##### The input

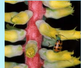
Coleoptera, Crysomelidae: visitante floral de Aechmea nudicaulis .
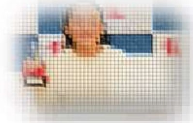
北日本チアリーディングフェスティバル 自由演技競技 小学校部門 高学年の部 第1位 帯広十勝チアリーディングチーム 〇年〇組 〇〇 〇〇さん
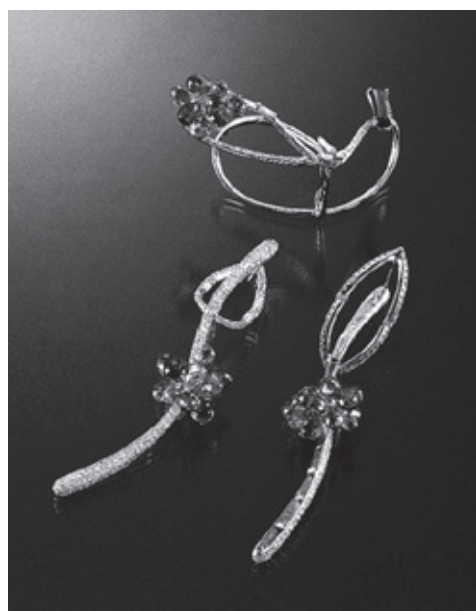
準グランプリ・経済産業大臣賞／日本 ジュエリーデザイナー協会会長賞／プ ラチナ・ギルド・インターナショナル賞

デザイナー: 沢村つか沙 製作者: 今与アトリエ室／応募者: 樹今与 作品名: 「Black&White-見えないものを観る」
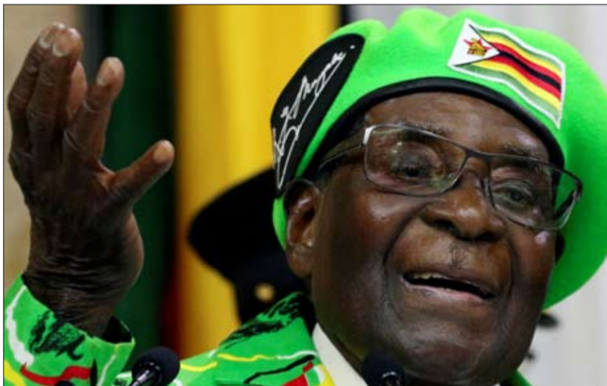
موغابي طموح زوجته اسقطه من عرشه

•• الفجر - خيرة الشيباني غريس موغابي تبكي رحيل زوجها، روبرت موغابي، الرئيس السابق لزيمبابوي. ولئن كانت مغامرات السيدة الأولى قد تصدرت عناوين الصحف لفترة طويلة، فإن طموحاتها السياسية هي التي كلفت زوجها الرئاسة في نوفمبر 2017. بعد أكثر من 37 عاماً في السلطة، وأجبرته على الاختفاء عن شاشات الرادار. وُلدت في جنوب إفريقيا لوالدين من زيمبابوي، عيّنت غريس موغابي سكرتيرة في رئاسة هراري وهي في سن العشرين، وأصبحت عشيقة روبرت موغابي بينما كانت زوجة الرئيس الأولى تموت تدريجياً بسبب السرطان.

##########

# Try it
Copy the lines above between the one holding "デザイナー: 沢村つか沙 製作者: 今与アトリエ室／応募者: 樹今与" and the one holding "موغابي طموح زوجته اسقطه من عرشه", inclusive. Drop the pictures.

# Written response
デザイナー: 沢村つか沙 製作者: 今与アトリエ室／応募者: 樹今与 作品名: 「Black&White-見えないものを観る」
موغابي طموح زوجته اسقطه من عرشه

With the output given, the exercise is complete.